Generation consumes credits. The OAuth command set has no per-command credit estimator except video estimate. Before generating, check your remaining balance with listenhub openapi subscription, and use listenhub openapi video estimate (or listenhub video estimate) for video cost. Never assume a fixed cost — query it.

auth

Manage your login session.

listenhub auth login
listenhub auth logout
listenhub auth status [-j]
CommandDescription
loginOpen the browser to complete OAuth. On success, writes tokens to ~/.config/listenhub/credentials.json (mode 0600). Tokens refresh automatically.
logoutRevoke tokens and remove the stored credentials.
statusShow the current login state. Accepts -j.
listenhub auth login
listenhub auth status

podcast

Generate a podcast episode from a topic and/or reference sources.

listenhub podcast create [options]
listenhub podcast list [options]

podcast create

FlagValuesDefaultMeaning
--query <text>stringTopic or prompt for the episode.
--source-url <url>URL (repeatable)[]Reference URL to ground the episode. Repeat for multiple.
--source-text <text>string (repeatable)[]Reference text to ground the episode. Repeat for multiple.
--mode <mode>quick, deep, debatequickGeneration mode.
--lang <lang>en, zh, jaautoOutput language. Auto-detected from --query if omitted.
--speaker <name>string (repeatable)Speaker by name. One speaker → solo; two or more → multi-voice.
--speaker-id <id>string (repeatable)Speaker by inner ID. Use instead of --speaker.
--no-waitflagpollReturn the episode ID immediately without polling.
--timeout <seconds>number300Polling timeout.
--json, -jflagfalseJSON output.
listenhub podcast create --query "AI agent trends in 2026" --mode quick

podcast list

FlagValuesDefaultMeaning
--page <n>number1Page number.
--page-size <n>number20Items per page.
--json, -jflagfalseJSON output.
listenhub podcast list --page 1 --page-size 20

tts

Convert text to speech in one voice.

listenhub tts create [options]
listenhub tts list [options]

tts create

FlagValuesDefaultMeaning
--text <text>stringText to convert to speech.
--source-url <url>URL (repeatable)[]Reference URL. Repeat for multiple.
--source-text <text>string (repeatable)[]Reference text.
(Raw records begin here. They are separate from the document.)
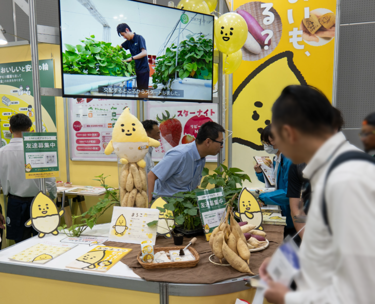ブースには、きみまろこの「イモ」に加え、苗やキャラクター関連の販促資材(シールや焼印等)の展示、動画の放映の展示をしました。
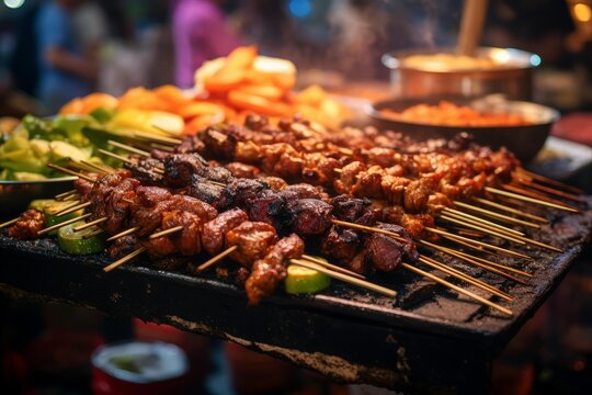 Delicious stick of roasted grill on street market. Cebu. Philippines.
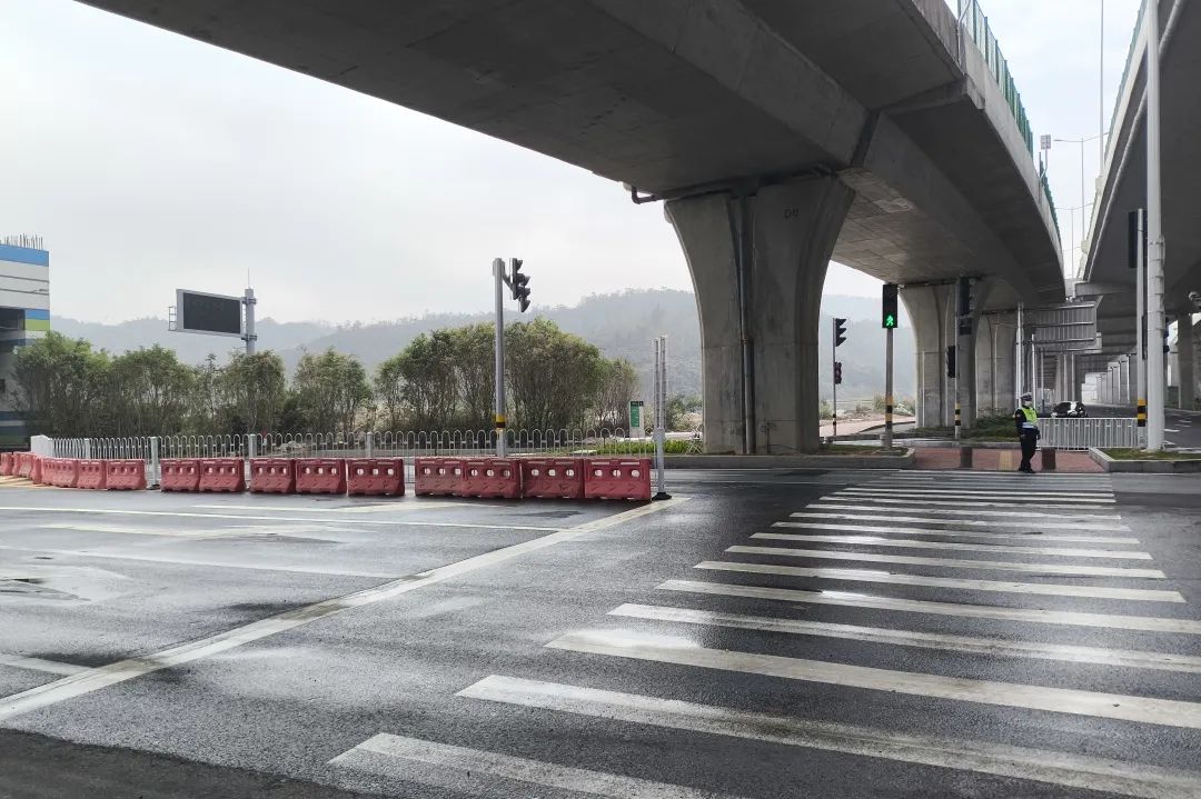 协助承建单位做好道路迁改工作,施工期间严格做好道路安全检查、施工安全监管,在隐患点设立警示标志及围挡,制作临时路标,方便社会车辆分辨车道通行。同时,协助海关卡口拦截超高车辆,避免造成市政设施损坏。

Repeat for multiple.
--mode <mode>smart, directsmartsmart rewrites the input for speech; direct reads it as-is.
--lang <lang>en, zh, jaautoOutput language. Auto-detected from --text if omitted.
--speaker <name>stringSpeaker by name.
--speaker-id <id>stringSpeaker by inner ID.
--no-waitflagpollReturn the ID immediately without polling.
--timeout <seconds>number300Polling timeout.
--json, -jflagfalseJSON output.
listenhub tts create --text "Hello, world" --lang en

tts list

FlagValuesDefaultMeaning
--page <n>number1Page number.
--page-size <n>number20Items per page.
--json, -jflagfalseJSON output.
listenhub tts list

explainer

Generate an explainer video (narrated visual segments).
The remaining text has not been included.